DATA FOR THE TASK -
★ ★ ★ ★ ★

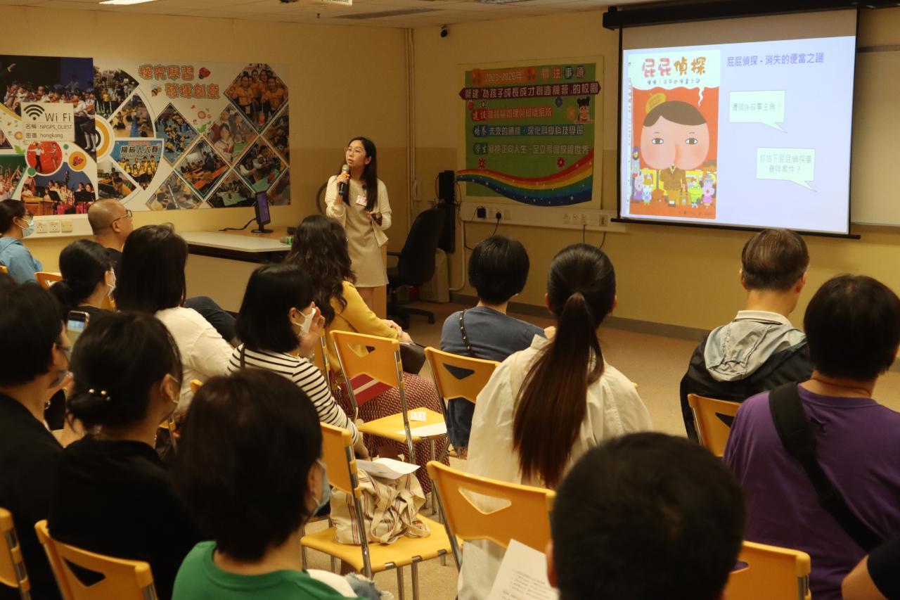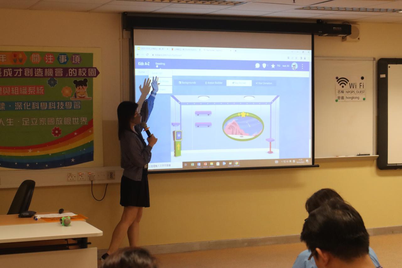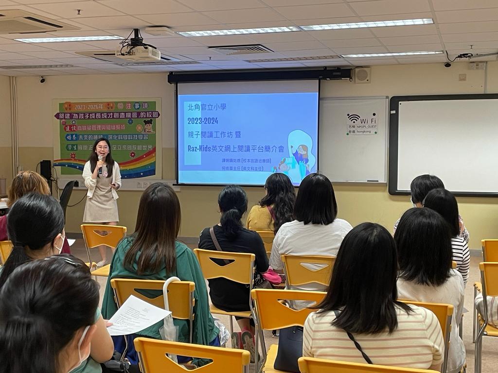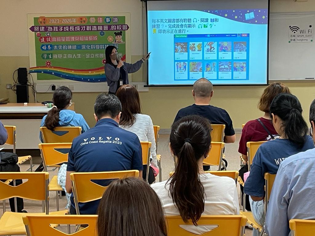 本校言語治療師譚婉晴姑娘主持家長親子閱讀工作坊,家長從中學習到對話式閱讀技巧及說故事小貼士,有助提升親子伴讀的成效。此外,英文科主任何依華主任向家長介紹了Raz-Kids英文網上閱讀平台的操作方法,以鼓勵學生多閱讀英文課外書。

★ ★ ★ ★ ★

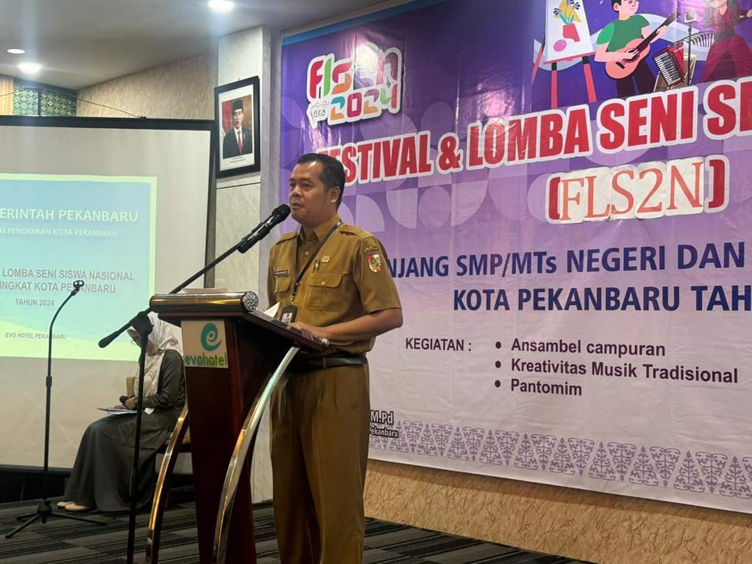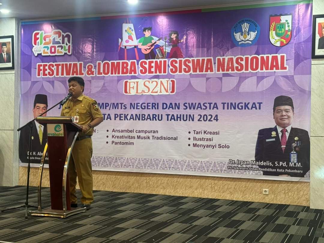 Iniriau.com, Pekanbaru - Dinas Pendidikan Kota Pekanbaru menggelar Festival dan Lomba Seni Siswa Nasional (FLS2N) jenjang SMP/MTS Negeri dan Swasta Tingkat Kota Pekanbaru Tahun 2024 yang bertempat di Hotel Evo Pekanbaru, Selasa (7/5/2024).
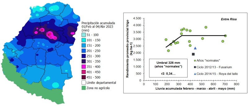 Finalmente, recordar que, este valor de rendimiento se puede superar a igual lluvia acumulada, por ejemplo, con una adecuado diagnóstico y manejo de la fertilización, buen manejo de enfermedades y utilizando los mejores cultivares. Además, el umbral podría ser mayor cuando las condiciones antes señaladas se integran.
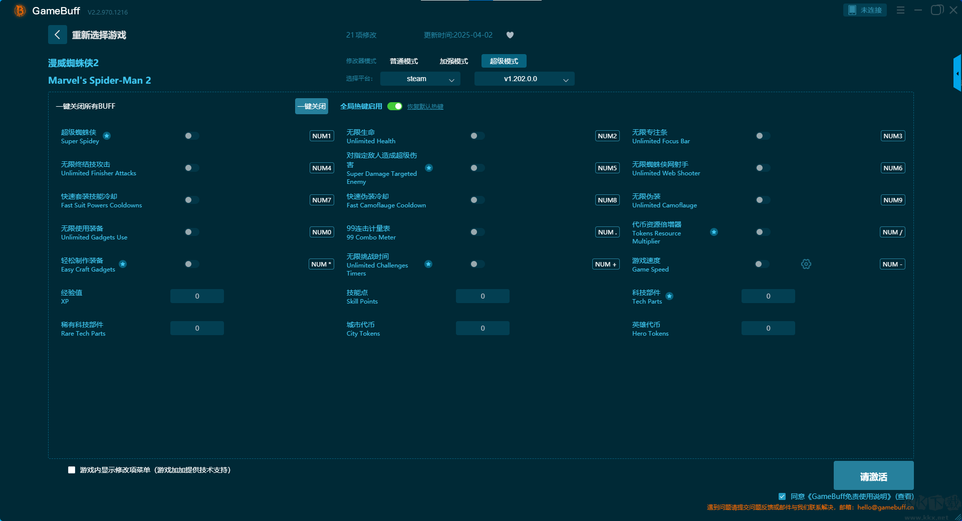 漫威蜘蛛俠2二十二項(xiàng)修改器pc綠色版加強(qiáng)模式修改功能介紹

★ ★ ★ ★ ★

TO DO - Give again the lines of the listing above that run from the one with "Iniriau.com, Pekanbaru - Dinas" up to and including the one with "Finalmente, recordar que, este". Keep them exact and omit the pictures.

ANSWER FOR THIS EXERCISE -
 Iniriau.com, Pekanbaru - Dinas Pendidikan Kota Pekanbaru menggelar Festival dan Lomba Seni Siswa Nasional (FLS2N) jenjang SMP/MTS Negeri dan Swasta Tingkat Kota Pekanbaru Tahun 2024 yang bertempat di Hotel Evo Pekanbaru, Selasa (7/5/2024).
 Finalmente, recordar que, este valor de rendimiento se puede superar a igual lluvia acumulada, por ejemplo, con una adecuado diagnóstico y manejo de la fertilización, buen manejo de enfermedades y utilizando los mejores cultivares. Además, el umbral podría ser mayor cuando las condiciones antes señaladas se integran.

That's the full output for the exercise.